The MLE coefficients $\hat{\beta}$ given by logistic regression is the solution to the weighted least squares problem $\begin{align*}
z_{i}&= \hat{\beta}^{T}x_{i}+\frac{y_{i}-\hat{p}_{i}}{\hat{p}_{i}(1-\hat{p}_{i})}\\
w_{i} &= \hat{p}_{i}(1-\hat{p}_{i})
\end{align*}$where $z_{i}$ is the response and $w_{i}$ is the weight.
- In this model, the weighted $\mathrm{RSS}$ is the Pearson chi-square statistic: $\mathrm{wRSS}=\sum_{i}w_{i}(z_{i}-\hat{z}_{i})^{2}=\sum_{i} \frac{(y_{i}-\hat{p}_{i})^{2}}{\hat{p}_{i}(1-\hat{p}_{i})}$
- The linear regression model also gives asymptotic behavior of $\hat{\beta}$:
- By consistency of the MLE, $\hat{\beta} \to \beta\,\,\text{a.s.}$.
- By the CLT, $\hat{\beta}\xrightarrow{d}N(\beta,(\mathbf{X}^{T}\mathbf{WX})^{-1})$, where $\mathbf{W}$ is the diagonal matrix $\mathrm{diag}(w_{1},\dots,w_{N})$.
### Regularized Logistic Regression
- The regular logistic regression MLE maximizes the log-likelihood (for binary outcomes) given by $l(\mathbf{X},\mathbf{y};\beta_{0},\beta)=\sum_{i=1}^{N}[y_{i}(\beta_{0}+\beta^{T}x_{i})-\log(1+\exp(\beta_{0}+\beta^{T}x_{i}))]$So with $l_{1}$ regularization, maximization problem becomes $\max_{\beta_{0},\beta}[l(\mathbf{X},\mathbf{y},\beta_{0},\beta) - \lambda \| \beta \|_{1} ]$where just like in the lasso, the intercept $\beta_{0}$ is not penalized, and the data is assumed to be centralized and standardized.
## Separating Hyperplane Methods
- A class of methods classifies binary responses by finding hyperplanes in the predictor space that perfectly separate the two classes.
- Such a hyperplane does not necessarily exist without basis expansions, which is the common issue of such methods.
- A hyperplane can be represented using $f(x)=\beta_{0}+\beta^{T}x$ as the set $\{ x \in \mathbb{R}^{p}\,|\,f(x)=0 \}$and with the encoding $Y\in \{ 0,1 \}$, the expression $y_{i}\cdot f(x_{i})\begin{cases}
>0 & \text{if $(x_{i},y_{i})$ is classified correctly} \\
<0 &\text{if not}
\end{cases}$by the hyperplane satisfying $f(x)=0$.
### Rosenblatt’s Perceptron
- The perceptron learning algorithm minimizes the total distance of misclassified points: $\min_{f}[ -\sum_{i \in \mathcal{M}_{f}} y_{i} \cdot f(x_{i})]$where $\mathcal{ M}_{f}$ indexes the points misclassified by $f$. It estimates the coefficients $(\beta_{0},\beta)$ using stochastic gradient descent: $\begin{pmatrix}\beta \\ \beta_{0}\end{pmatrix} \leftarrow\rho \begin{pmatrix}
y_{i}x_{i} \\ y_{i}
\end{pmatrix} + \begin{pmatrix}\beta \\ \beta_{0}\end{pmatrix}$where $\rho$ is the learning rate.

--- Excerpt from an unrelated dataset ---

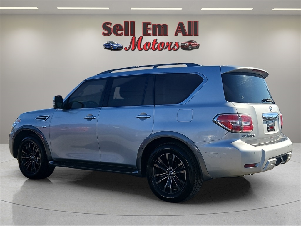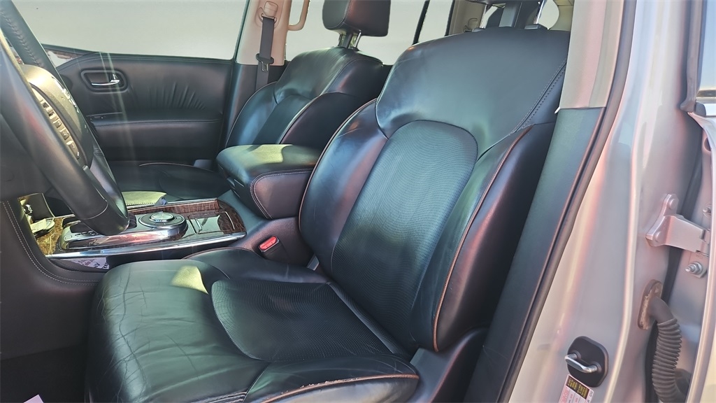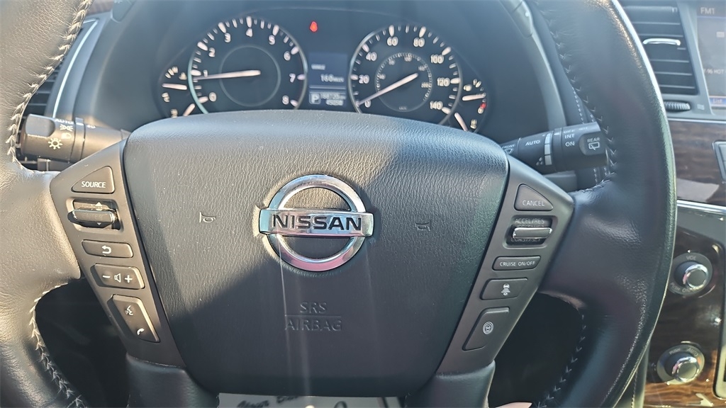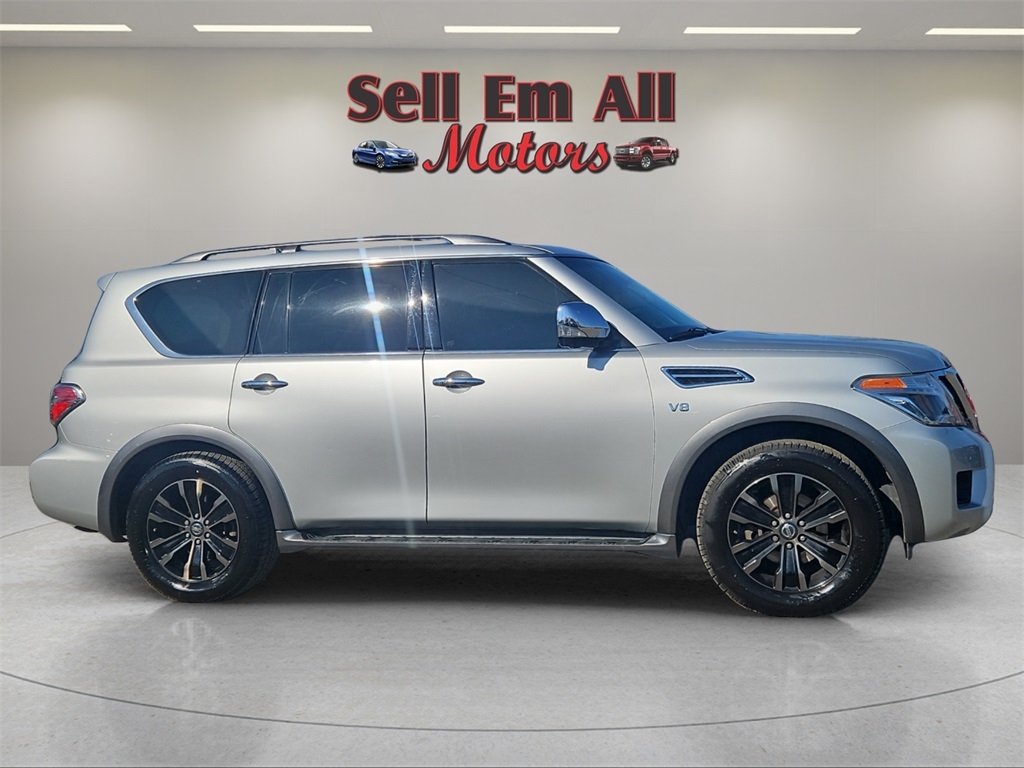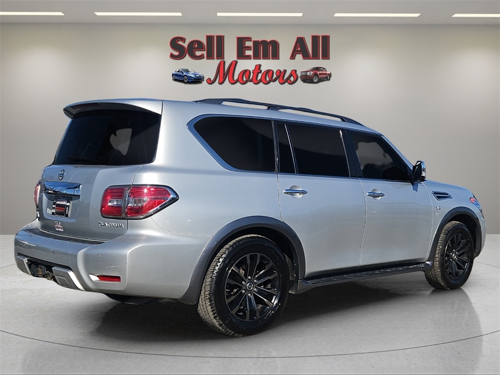 Sell Em All Motors in Vidlia is proud to offer this great 2017 Nissan Armada in Brilliant Silver This vehicle has passed our comprehensive inspection and comes with the following Captain Seat Package (Second Row Captain's Chairs and Second Row Center Console w/ Padded Armrest), Carpeted Floor Mats w/ Captain Seat Package, 13 Speakers, 2.937 Axle Ratio, 3rd row seats: split-bench, 4-Wheel Disc Brakes, A/V remote, ABS brakes, Air Conditioning, Alloy wheels, AM/FM radio: SiriusXM, Anti-whiplash front head restraints, Auto tilt-away steering wheel, Auto-dimming door mirrors, Auto-dimming Rear-View mirror, Auto-leveling suspension, Automatic temperature control, Brake assist, Bumpers: body-color, Cargo Area Protector, Cargo Net & First Aid Kit, CD player, Delay-off headlights, Driver door bin, Driver vanity mirror, Dual front impact airbags, Dual front side impact airbags, Electronic Stability Control, Four wheel independent suspension, Front anti-roll bar, Front Bucket Seats, Front Center Armrest, Front dual zone A/C, Front fog lights, Front reading lights, Fully automatic headlights, Garage door transmitter: HomeLink, Headphones, Heated & Cooled Front Bucket Seats, Heated door mirrors, Heated front seats, Heated rear seats, Heated steering wheel, Illuminated entry, Illuminated Kick Plates, Lane Departure Warning System, Leather Shift Knob, Leather-Appointed Seat Trim, Low tire pressure warning, Memory seat, Navigation System, Occupant sensing airbag, Outside temperature display, Overhead airbag, Overhead console, Panic alarm, Passenger door bin, Passenger vanity mirror, Power door mirrors, Power driver seat, Power Liftgate, Power moonroof, Power passenger seat, Power steering, Power windows, Radio data system, Radio: Bose AM/FM/SXM/CD/MP3 Audio System, Rain sensing wipers, Rear air conditioning, Rear anti-roll bar, Rear reading lights, Rear seat center armrest, Rear window defroster, Rear window wiper, Reclining 3rd row seat, Remote keyless entry, Roof rack: rails only, Roof Rail Cross Bars, Security system, Speed control, Speed-sensing steering, Speed-Sensitive Wipers, Split folding rear seat, Steering wheel mounted audio controls, Tachometer, Telescoping steering wheel, Tilt steering wheel, Traction control, Trip computer, Turn signal indicator mirrors, Variably intermittent wipers, Ventilated front seats, Voltmeter, and Wheels: 20" Machine-Faced Chrome w/Tinted CC;

- Issues of the perceptron algorithm include:
- Separable data admits infinitely many separating hyperplanes, and the result of this algorithm depends on the initial values.

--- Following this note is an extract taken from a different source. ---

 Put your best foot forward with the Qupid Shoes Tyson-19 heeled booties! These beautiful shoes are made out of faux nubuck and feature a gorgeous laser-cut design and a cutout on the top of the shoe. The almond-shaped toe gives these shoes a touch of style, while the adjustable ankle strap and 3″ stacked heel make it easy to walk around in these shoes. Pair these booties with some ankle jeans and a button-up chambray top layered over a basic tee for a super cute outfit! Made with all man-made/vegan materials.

- Convergence can be slow for separable data.
- The algorithm gets stuck in long cycles if the data is not separable.
### Optimal Separating Hyperplanes
- To avoid the dependence on initial values, we can further require a maximal margin to points in either category: this defines the optimal separating hyperplane.
- The optimal separating hyperplane is solely determined by a few support points in the data, so moving other points without crossing the margin does not affect the output.
- This gives robustness against faraway outliers, which LDA weak to.
- Logistic regression is a compromise between the two, whose weighted least squares formulation gives a smaller weight to faraway data points.